(Supplied records Opens)
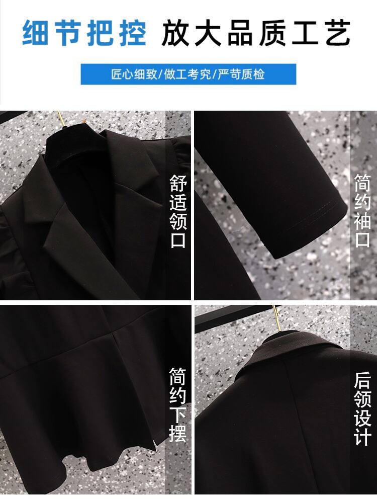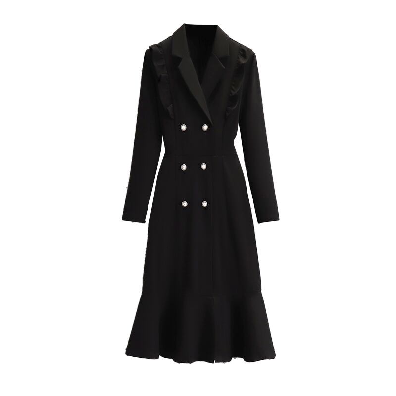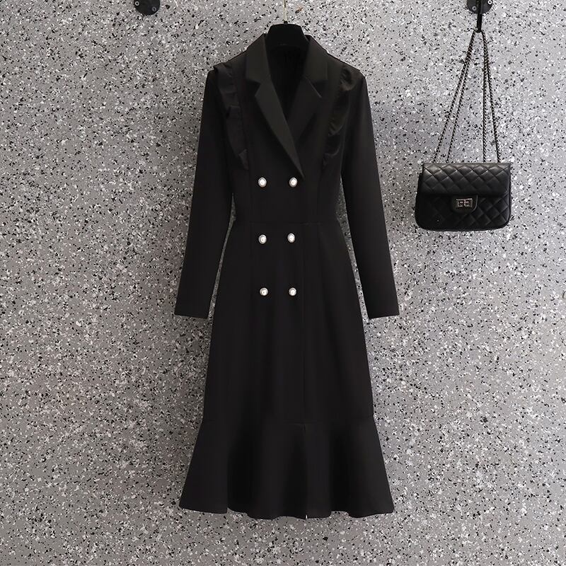 プラスサイズの婦人服 2023 脂肪姉妹春の新しいウエストスーツフィッシュテールスカートフリルダブルブレストドレススカート 大きめサイズ スプリング 春物 8884134488367505
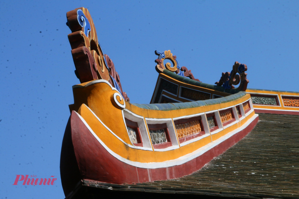 | Hệ mái của công trình được phục hồi, lợp ngói âm dương Hoàng lưu ly; phục hồi bờ nóc, bờ quyết, ô hộc, các con giống bằng pháp lam… |
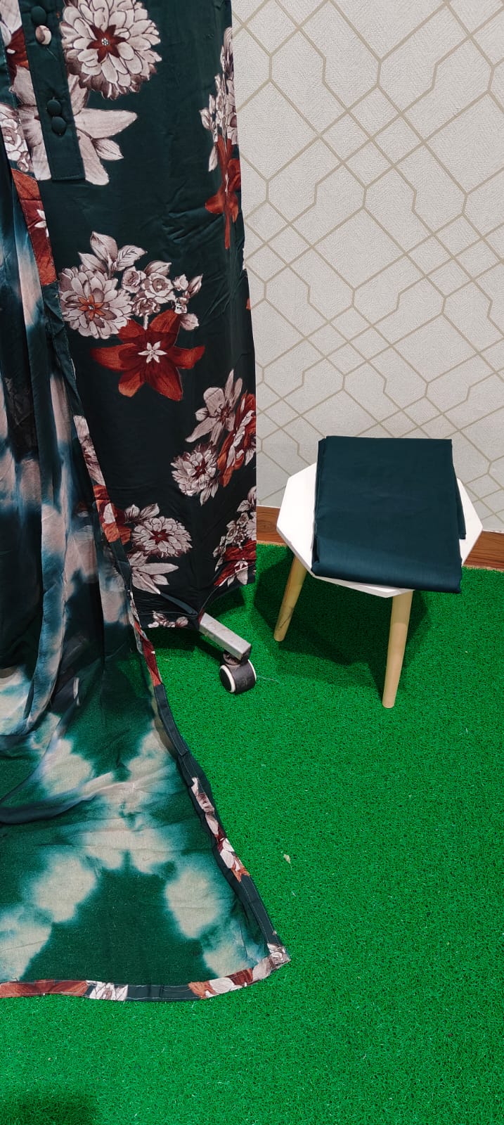 Both side floral printed excellent soft reyon cotton top with neck patch, cotton bottom, pure chiffon dupatta with tapings..
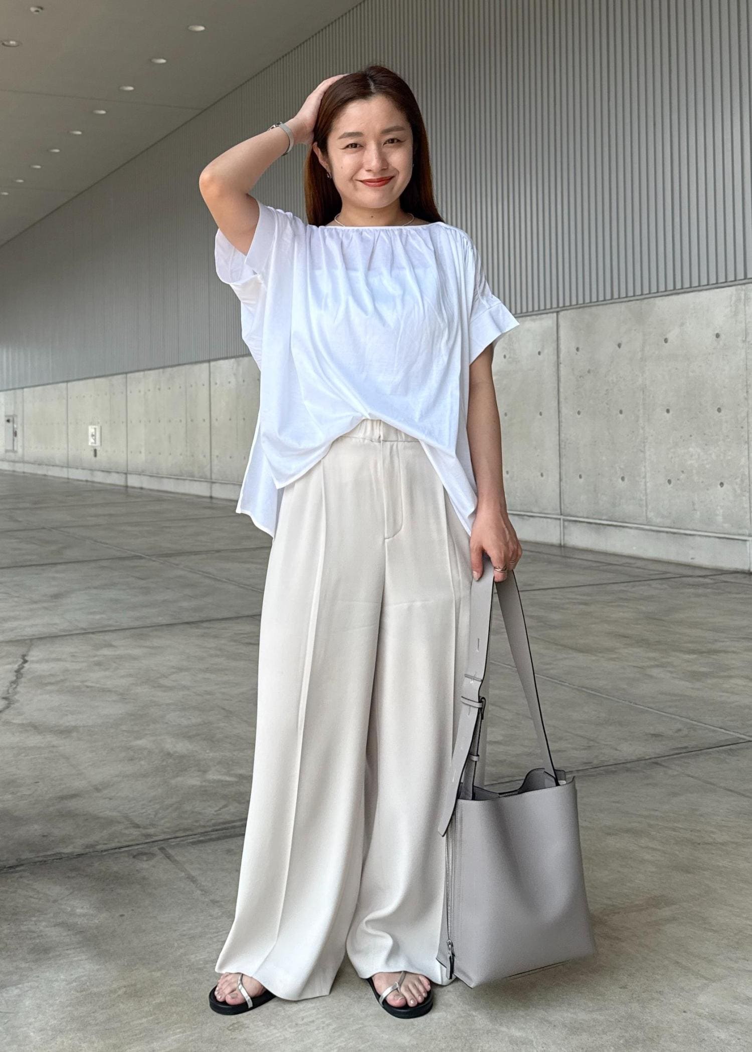 肌離れのいい大人Tシャツにとろみ感と落ち感が最高なワイドパンツ
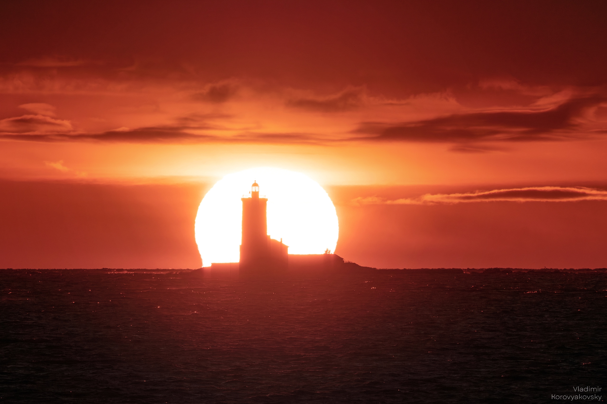 Повезло в тот вечер с погодой и состоянием атмосферы. У самого горизонта плавала тучка, которая красиво подсветилась после захода Солнца за горизонт. А из-за околонулевой температуры атмосфера была относительно спокойной, поэтому маяк не \\\"размазало\\\" вместе с Солнцем по горизонту.
(Supplied records Closes)
Your instructions
Could you output the lines above exactly, with no pictures included?

Task response
 プラスサイズの婦人服 2023 脂肪姉妹春の新しいウエストスーツフィッシュテールスカートフリルダブルブレストドレススカート 大きめサイズ スプリング 春物 8884134488367505
 | Hệ mái của công trình được phục hồi, lợp ngói âm dương Hoàng lưu ly; phục hồi bờ nóc, bờ quyết, ô hộc, các con giống bằng pháp lam… |
 Both side floral printed excellent soft reyon cotton top with neck patch, cotton bottom, pure chiffon dupatta with tapings..
 肌離れのいい大人Tシャツにとろみ感と落ち感が最高なワイドパンツ
 Повезло в тот вечер с погодой и состоянием атмосферы. У самого горизонта плавала тучка, которая красиво подсветилась после захода Солнца за горизонт. А из-за околонулевой температуры атмосфера была относительно спокойной, поэтому маяк не \\\"размазало\\\" вместе с Солнцем по горизонту.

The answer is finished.